Diante dos escritos dessa mineira belorizontina, devo confessar que há um soco nas vísceras do machismo, ainda enraizado, infelizmente, na sociedade brasileira. Nesse sentido, já adianta-se que Helena Soares Afonso é filha dos agricultores Aleixo Afonso Ruas e Rita Soares da Silva e, além de escritora, é também atriz, pedagoga, diretora de tearo e pós-graduada em linguística e formação de leitores. Sua carreira literária inicia-se em 2006, com a obra "Infrutescência", logo, em 2014, ela publica "Vulnerabilidade nas Asas", em 2018 "Memórias Atonais", em 2019 "Ventre Nosso De Cada Dia" e, por fim, em 2020, a autora publica os e-books "Flor da Alma", "No Tempo do Olhar" e "Guerreira Invisível" nas versões Kindle. Seguindo a lógica deste breve ensaio, devo aqui frisar que a obra que nos interessa é aquela publicada em 2019: Ventre Nosso de cada Dia, uma vez que é a partir de alguns poemas aí contidos que reverbera-se de forma explícita uma poesia que traça o viés de uma literatura feminista e, por isso mesmo, merece a devida atenção.
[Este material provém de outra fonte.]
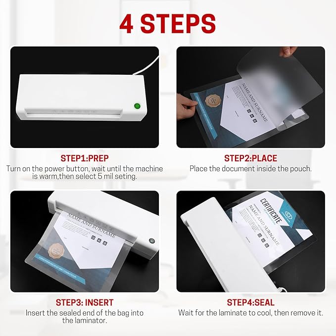 - Application:Perfect for protecting certificates,signs,photos,awards,calendars,kids artworks.It can seal and protect your documents it can be used in classroom, home and office.Compatible with all thermal laminator machine brands

De início, então, convoco os leitores à noção do espectro feminista pela voz de Lima Duarte (2003), a qual afirma que o feminismo pode ser interpretado “como todo gesto ou ação que resulte em protesto contra a opressão e a discriminação da mulher, ou que exija a ampliação de seus direitos civis e políticos, seja por iniciativa individual, seja de grupo” (DUARTE, 2003, p. 152). A partir dessa primeira compreensão, pode-se dizer que o ideal feminista se baseia em três palavras-chave: igualdade, respeito e liberdade; todas essas, claro, tendo em vista a figura da mulher no contexto da sociedade brasileira, a qual, até recentemente, permitia a imperação do poder patriarcal como norteador dos rumos coletivos. Assim, o movimento feminista surge justamente em oposição a paradigmas em que as várias instituições de poder, sejam políticas, religiosas, educacionais, entre outras, eram regidas, em sua esmagadora maioria, por homens. Não diferente, por consequência, via-se tal opressão também no viés literário, uma vez até o início do século XX não se via um prisma conciso de uma literatura feminina, apesar de autoras como Nísia Floresta Brasileira Augusta (1810-1885) e Josefina Álvares De Azevedo (1851-1905) já encenarem revoluções no sentido da valoração da figura feminina perante o coletivo da época (DUARTE, 2003). Ademais, os rumos de uma sociedade mais “evoluída” se seguiram, tendo conquistas, como a criação do “Partido Republicano Feminino” em 1910, o “Voto Feminino” a meados dos anos 30, a criação do “Estatuto da Mulher Casada” em 1962 e o direito à prática do futebol profissional a partir de 1979, segundo dados do site “Futura”. Todas essas conquistas, é preciso dizer, não deviam ser assim caracterizadas, uma vez que a mulher e o homem são figuras igualitárias no senso de humanidade, e por isso mesmo, tais direitos (sendo essa a caracterização mais apropriada) deveriam já há muito tempo terem sido criados ou mesmo universalizada ideia de igualdade entre os gêneros, o que, como se sabe, foi limitada pelas congregações dos homens desde os mais remotos tempos.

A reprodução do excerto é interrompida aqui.